Assim, o que parece emergir das páginas de Extremamente alto & incrivelmente perto é uma força especulativa acerca de certas experiências liminares, em que as margens do humano e do inumano, da vida e da morte, da linguagem e do silêncio cedem à plasticidade daqueles que transitam por todos estes territórios, na condição incompleta, inacabada e movente, de quem cala, fala e titubeia, levanta, caminha de pé, tropeça, volta a levantar, empunha o lápis, colore e borra, pega o copo, escorrega e quebra. Ou, como Oskar Schell, alguém que rasga, desfaz a ordem, reposiciona, e na companhia de quem os leitores têm a chance de perfazer também toda a gama de variações de movimento, no folhear ágil do Flipbook. A infância é aqui pensada na dimensão destas experiências de passagem e como precursora de trajetos que redesenham o mapa das percepções e fabricam com os materiais dizíveis e visíveis novos vetores de força. Tal vocação para embaralhar a paisagem do sensível torna a infância, ao mesmo tempo, uma imagem incandescente e um mediador teórico vigoroso para se refletir sobre literatura hoje.

Nos ensaios “O que as crianças dizem” e “Gaguejou”, Deleuze descreve a literatura como um “mapa de virtualidades” e um sistema em “desequilíbrio perpétuo”, em que uma forma pode vir a ser outra e outra e outra e outra… Nesta espécie de lalação infantil, algo está sempre começando, em estado de eclosão, prestes a se dizer. É sobretudo como instância do nascer, que desejo pensar a infância no âmbito dos estudos literários, para ajudar a nomear o acontecimento da invenção, o momento em que algo passa a ser e, retomando o princípio da máxima reversibilidade, para ajudar a nomear o que ainda não é, o que aporta ao mundo uma diferença minúscula e decisiva, que pode simplesmente alterar a maneira como sentimos um espaço, um instante, um som, um afeto.6

Entre o corpo que cai e o corpo que levita, neste minúsculo e decisivo intervalo, se instala um idioma infante e insurgente, que age sobre o desastre, conjugando-o no modo condicional.

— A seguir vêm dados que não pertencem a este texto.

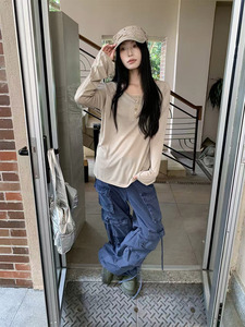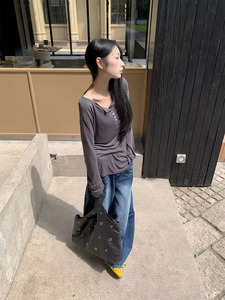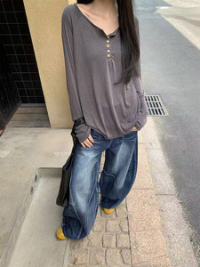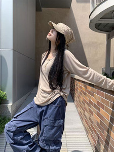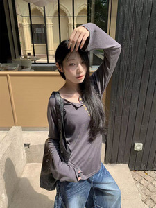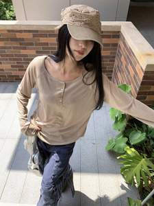 [9hour]辣妹风斜肩长袖针织衫女 2025秋冬个性纽扣上衣女c250752

A queda fatal se transforma assim numa cadeia de imagens potenciais, de grande voltagem poética. É no futuro do pretérito, numa temporalidade suspensiva, conjurada pela fabulação do menino, que pai e filho se reencontram no quarto de dormir, embaixo de um céu de ficção, olhando ambos para o teto estrelado do cômodo, local de projeções imaginárias que fazem brilhar a vida com outra intensidade.

1. J.S. Foer, Extremamente alto & incrivelmente perto, tradução de Daniel Galera, Rio de Janeiro: Rocco, 2006, p. 11.

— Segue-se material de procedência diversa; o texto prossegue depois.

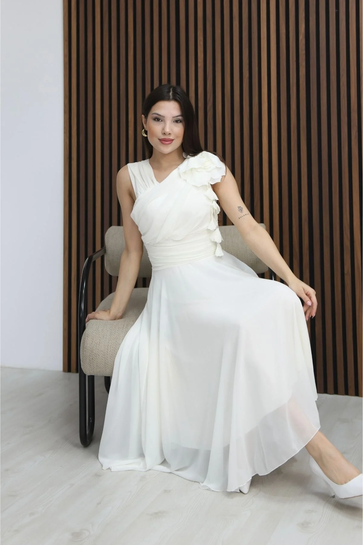 Asimetrik Yaka Çiçek Detaylı Büzgülü Şifon Midi Elbise , asimetrik yaka formu ve omuzdaki çiçek detayı tasarıma zarif bir vurgu katarken, bel kısmındaki büzgüler silueti dengeli ve ince gösterir. Uçuşan midi boy eteği sayesinde her adımda yumuşak ve etkileyici bir hareket sağlar. Davet, söz ve özel organizasyonlarda zarif bir şıklık arayanlar için ideal bir seçimdir.

2. J. Rancière, “A imagem intolerável”, in O espectador emancipado, Lisboa: Orfeu Negro, 2010, p.153.

3. J. Rancière, “A imagem intolerável”, in O espectador emancipado, Lisboa: Orfeu Negro, 2010, p. 124-126.

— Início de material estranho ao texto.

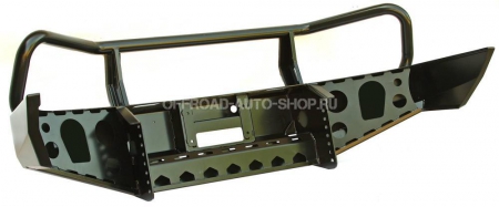 Бампер оснащен мощными упорами под реечный домкрат и буксирными проушинами для работы с рывковой или буксировочной стропой. Тщательно продуманная конструкция внутренних усилителей обеспечивают максимальную надежность бампера, стойкость к высоким нагрузкам и сильным ударам.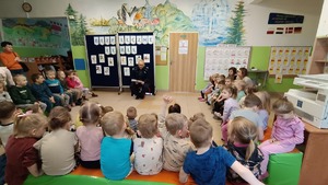 Przedszkole Miejskie w Lidzbarku miało przyjemność gościć dzielnicową z Komisariatu Policji w Lidzbarku. Powodem wizyty dzielnicowej było spotkanie z dziećmi na temat "Bezpiecznych ferii zimowych".

4. L. A. Castello e C. Mársico, Oculto nas palavras. Dicionário etimológico para ensinar e aprender, Belo Horizonte: Autêntica, 2007, p. 52.

5. J.S. Foer, Extremamente alto & incrivelmente perto, tradução de Daniel Galera, Rio de Janeiro: Rocco, 2006, p. 359-360.

6. Essa frase incorpora trechos da obra de dois autores que me foram caros para a escrita deste ensaio, ainda que não compareçam textualmente sob a forma de citações diretas. A primeira referência recupera uma passagem do pensamento de Jean-François Lyotard: “O nascer não é apenas o fato biológico do parto, mas sob a cobertura e a descoberta deste fato, o acontecimento de uma possível alteração radical no curso que empurra as coisas a repetir o mesmo. A infância é o nome desta faculdade, tanto mais quanto aporta, no mundo do que é, o espasmo do que, por um instante, não é ainda nada. Do que já é mas ainda sem ser algo” (Lyotard apud W. Kohan, Infância, Entre educação e filosofia, p. 251-252). A segunda referência alude à definição da função da arte que faz o artista visual Christian Boltanski: “Et donc peut-être que l´élement intéressant, que l´on trouve de plus em plus rarement avec des expositions, c´est d´arriver à faire simplement que les gens sentent um espace ou um moment d´une manière um peu différente” (C. Boltanski, Parcours D´Ombres, Trévenans: Schraag, 2010, p.21).